My question is: is it theoretically sound to use the LR method when the noise in the image has a Gaussian distribution ?
The LR assumes Poisson noise in the blurred image – but does this mean that it performs best with poisson noise, but may also be adequate to use for other types of noise – so I can expect similar results if I want to deblur similar images in the future?
Or does it mean that the LR may randomly yield non-sense results if used for images that have other types of noise than Poisson ?

Best Answer

Well no and yes. Maybe not theoretically the same, however you know, or you should know, that Poisson noise for anything over an expected value of about 8-10 looks virtually identical to Gaussian noise. Just prove it to yourself by doing a Poisson curve for, say 100 and then check the differences between that and a Gaussian fitted to it. The differences will be very small.

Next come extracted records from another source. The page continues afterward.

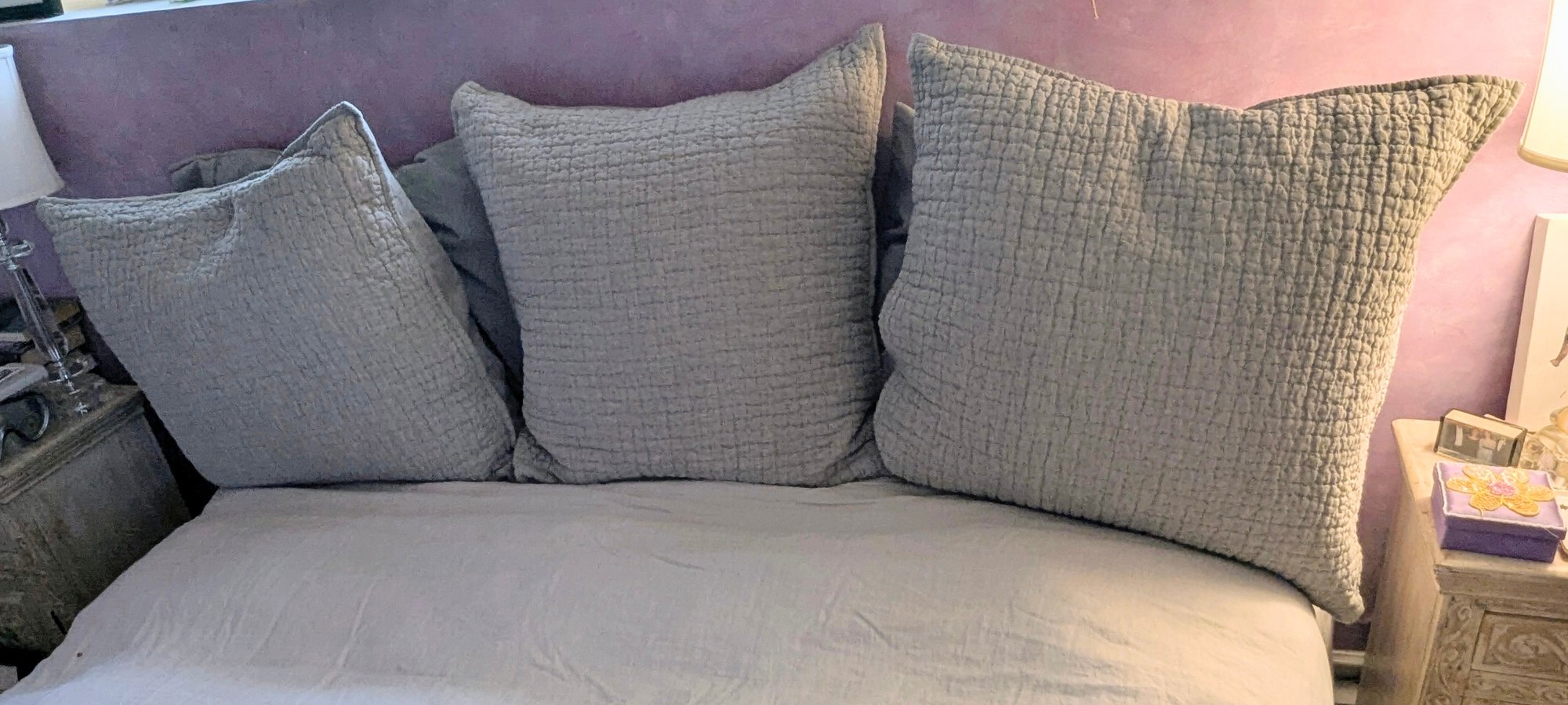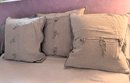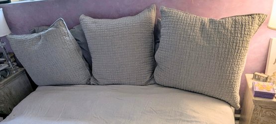 25"x 26" , I believe the pillows are an alternative down luxury pillow. The fabric is a soft cotton and viscose blend.
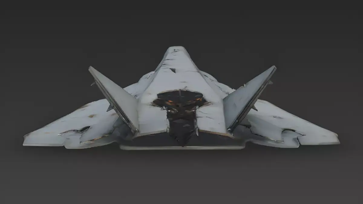 Optimized High-Fidelity GeometryThe entire demolished stealth aircraft hull is composed of efficient geometry designed for high-performance real-time rendering. Every element, from the jagged edges of the metal breaches and the exposed internal framework to the reinforced vertical stabilizers, is modeled as solid, opaque geometry to maintain a consistent realistic look without the need for high-overhead translucent shaders.
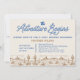 Blue Boys Wilderness Adventure Começa Chá de fraldas Convite Azul e Marrom a aventura inicia o convite ao chá de fraldas com uma cena desértica de natureza selvagem e um título de caligrafia estilo corda. Excelente para um chá de fraldas combinado de selva ocidental.
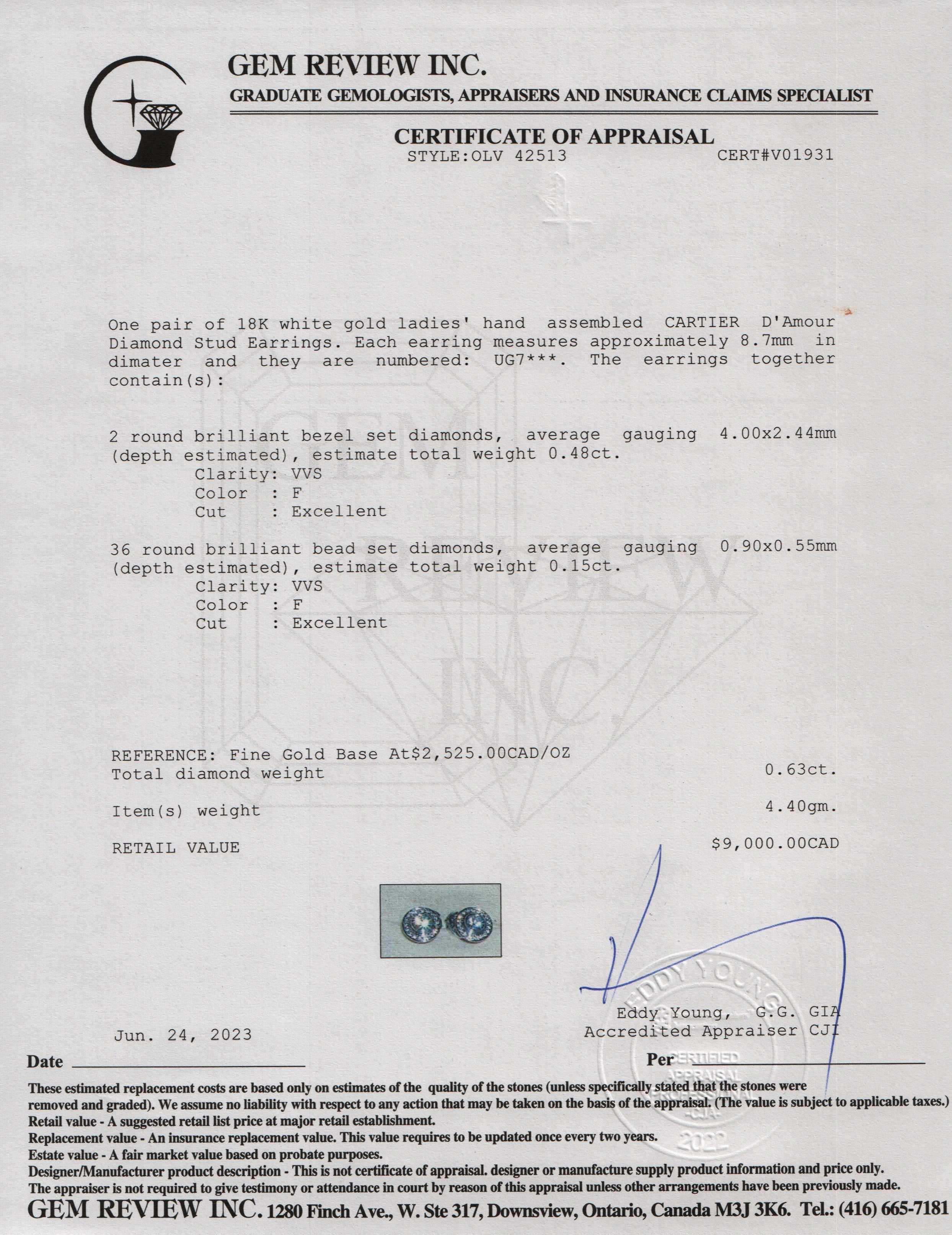Cartier 18k White Gold D'Amour Pave Diamond Stud Earrings
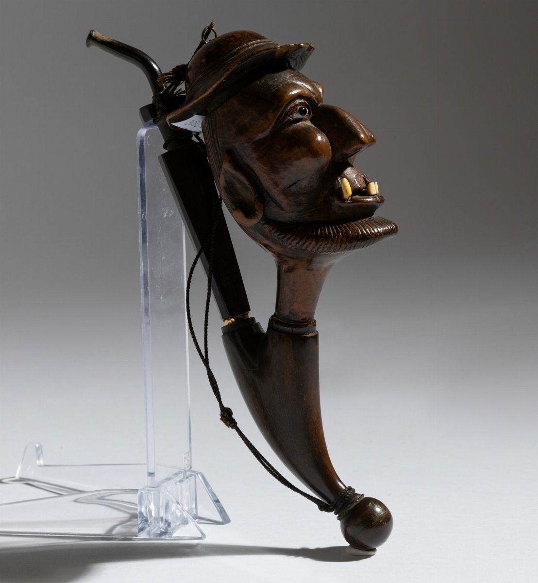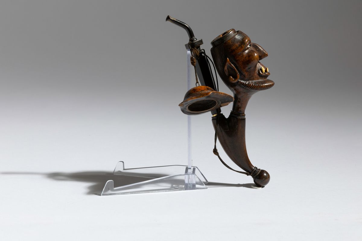 Pipa in radica raffigurante uomo con cappello con dettagli in osso, pasta di vetro e bocchino in corno, Svizzera, fine del [..]
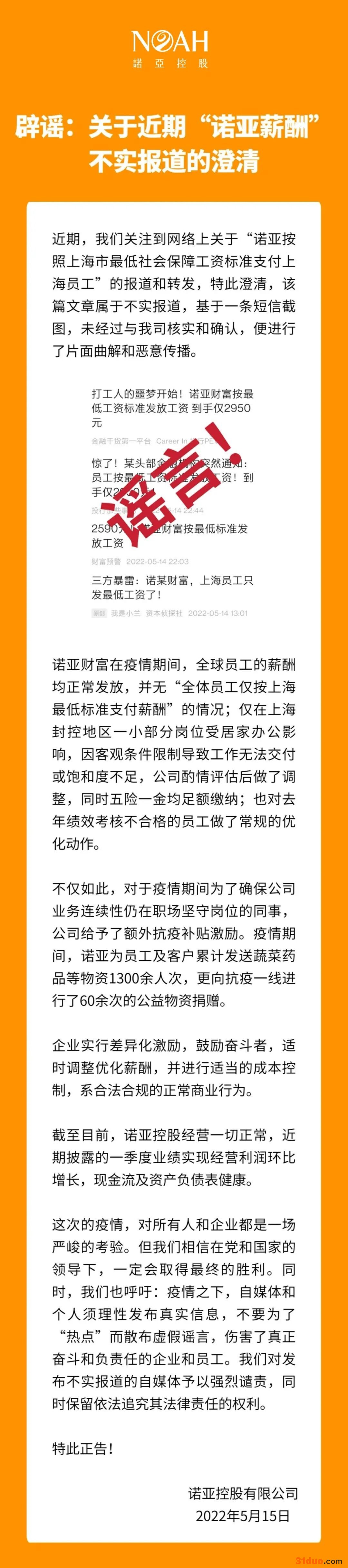 诺亚财富表示,近期,公司关注到网络上关于“诺亚按照上海市最低社会保障工资标准支付上海员工”的报道和转发,特此澄清,该篇文章属于不实报道,基于一条短信截图,未经过与公司核实和确认,便进行了片面曲解和恶意传播。

And you pretty much never have just 10 photons per pixel unless you are doing very low exposure photon noise limited experiments like in astronomy or radiography. So for most intents and purposes, Poisson noise manifests itself as Gaussian noise, and so the Gaussian noise you have can be considered Poisson noise. The bottom line is how the image looks and if it improves it enough for you to get the required measurements out of it. And it sounds like it's working for you, so go with it.